1A , 1B, and 1C, by displaying the metadata (place name information) when displaying the image data, the place name corresponding to the predetermined language set in the terminal may be superimposed and displayed at the predetermined position. it can.

In the example of FIG. 13, when displaying an image based on the image data P31 in which such metadata M31 is stored, when the language of the

information processing apparatuses

1A, 1B, and 1C is set to Japanese, The Japanese notation (Sapporo, Tokyo, Naha) of the place name following "" ja-JP "" of the metadata M31 is read out. Thereby, the

information processing apparatuses

1A, 1B, and 1C superimpose a geographical name in Japanese on a predetermined position on the Japanese map display P32 as indicated by the end of the arrow A31. When the language of the

information processing apparatuses

1A, 1B, and 1C is set to English, the place names (Sapporo, Tokyo, Naha) following the "" en-US "of the metadata M31 are read out. Thereby, the

information processing apparatuses

1A, 1B, and 1C superimpose a geographical name in English on a predetermined position on the Japanese map display P33 as indicated by the end of the arrow A32.

As described above, according to the first modification, this image is generated by generating image encoded data and metadata including a character string such as a location name to be selectively displayed according to position information on a map and a setting language. When displaying an image based on data, the place name linked to the language set in the

information processing devices

1A, 1B, 1C may be superimposed and displayed at a predetermined position based on the place name information described in the metadata. it can.

<Modification 2>
The

information processing apparatuses

1A, 1B, and 1C may generate image data including encoded image data and metadata including a character string such as an address of a shooting location of the image and a facility name. As a result, when displaying an image, the

information processing apparatuses

1A, 1B, and 1C can acquire the character string of the metadata stored in the image data, and superimpose the acquired character string on the image. The

information processing apparatuses

1A, 1B, and 1C can also perform image search using a character string of metadata stored in image data as a search key.

FIG. 14 is a diagram showing a usage example of image data having metadata including a character string such as an address of a photographing place of an image and a facility name in addition to image coded data.

As shown in FIG. 14, in the original image data of the image data P41, a picture taken in Okinawa is encoded and stored as image encoded data. In an area of the APP 11 of the image data P41, metadata M41 described in JSON is stored. In the metadata M41, the first line is ““ location ”: {”, the second line is ““ address ”:“ Shuri Kinjocho 1-chome 2 Naha, Okinawa Prefecture ”, the third line is“ } Is described.
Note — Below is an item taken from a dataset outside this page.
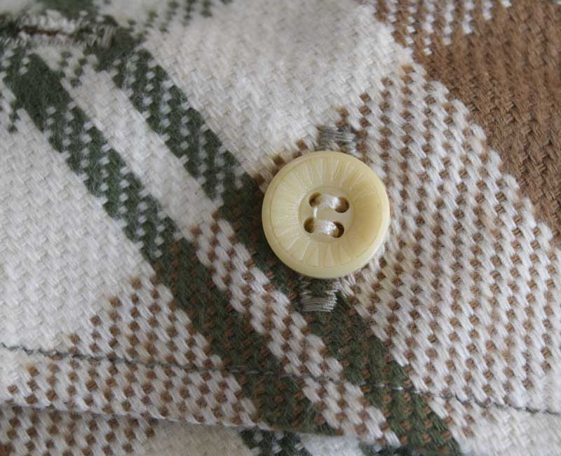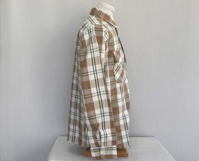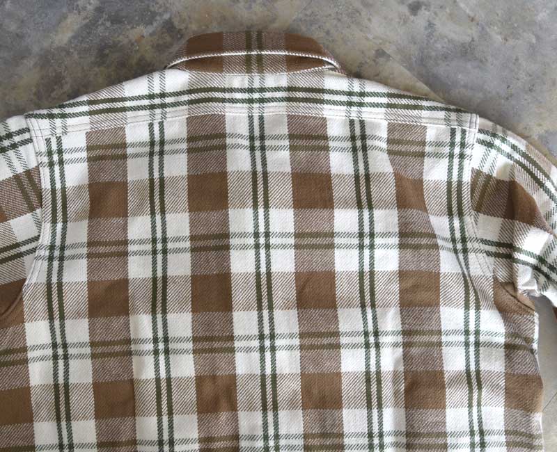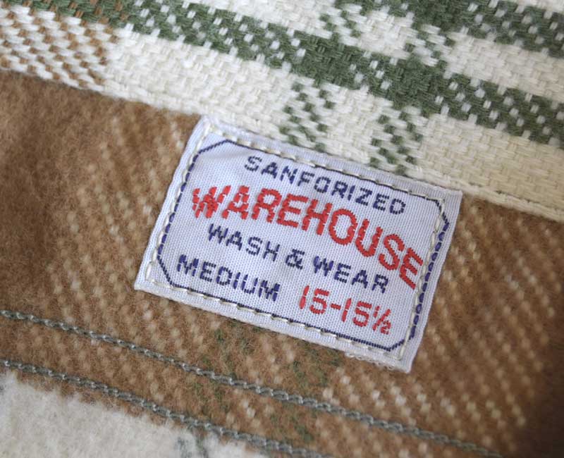 ウエアハウスのネルシャツは、生地に日本では限られた地域にしか残っていない力織機を使用して生地を作っています。フランネルの生地を作るために力織機を使う理由は単なる「耳付きのネル生地」を作りたいという理由からではありません、あくまでもセルビッチは副産物なのです。その目的は、力織機を使用することでムラ糸の持つ風合いを損なうことなく、生地に仕上げることができるからです。デニムと同じで、ヴィンテージネルシャツの生地を織っていた糸は不均一なムラ糸であった時代です。その糸を革新織機で強いテンションをかけて織ると違う生地になってしまう。せっかくの糸本来の性質が損なわれてしまうのです。旧式の力織機で織る事で、糸本来が持つ凹凸を損なうことなく生地を織ることが出来ます。ネルシャツを織る力織機はデニムと同じ綾織りの織機です。ネルシャツは柄を構成する必要があるため、多色の糸を織れる仕組みになっています。タテ糸は柄に合わせて複雑に上下移動し、その間を違う色のヨコ糸を持ったシャトルが次々に入れ替わり往復に移動します。こうして力織機らしい適度なテンションで織られたフランネルは、それぞれの糸本来が持っているムラを損なうことなく生地となるのです。生地になったネル生地は、当時の製法に倣って生地の裏に起毛加工を施しています。起毛をかけることで柄に柔らかい表情が生まれます。さらに起毛をかけることで生地に膨らみを生み、力織機ならではの肌触りをさらに柔らかなものに昇華させることができます。このように、力織機で織られたネルは、糸そのものから再現することでこそ生まれる風合いを持っています。それを見分ける最も簡潔な方法がセルビッチ(耳)の有無であり、1960年代頃までのヴィンテージネルシャツと同じように、ウエアハウスでもマチ部分にセルビッチを使用しているのです。

““ Location ”is information instructing to use a function that can specify the current location and cooperate with the service. The information described after "" address "indicates the address of the shooting location. That is, information indicating the address of the shooting location is described in the metadata M41, and the

information processing apparatuses

1A, 1B, and 1C describe the metadata by reading out the metadata when displaying the image. Information indicating the address of the photographed place can be superimposed and displayed.
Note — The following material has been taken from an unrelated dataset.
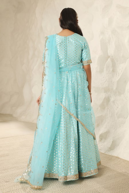 Blue lehenga featuring all over bahar woven detailing. Paired with a floral lace embellished dupatta and an elbow sleeves woven blouse.

In the example of FIG. 14, when displaying an image based on the image data P41 in which such metadata M41 is stored, a character string following ““ address ”” of the metadata M41 (Shuri Kinjo, Naha City, Okinawa Prefecture Town 1-2 is read out. Thus, the

information processing apparatuses

1A, 1B, and 1C superimpose an address, which is a shooting location, on the image display P42 as indicated by the end of the arrow A41.

In addition, the

information processing apparatuses

1A, 1B, and 1C connect the image data P41 storing such metadata M41 to a database (DB) connected via a network (not shown) as indicated by the point of arrow A42. ) Can be supplied and managed there. Accordingly, when the

information processing apparatuses

1A, 1B, and 1C perform image search using "Okinawa" as a search key, image data including "Okinawa" in the metadata M41 among a plurality of image data managed by the database 101 You can search for Then, as indicated by the end of the arrow A43, the

information processing apparatuses

1A, 1B, and 1C can display the image list P43 including thumbnail images of a plurality of searched image data.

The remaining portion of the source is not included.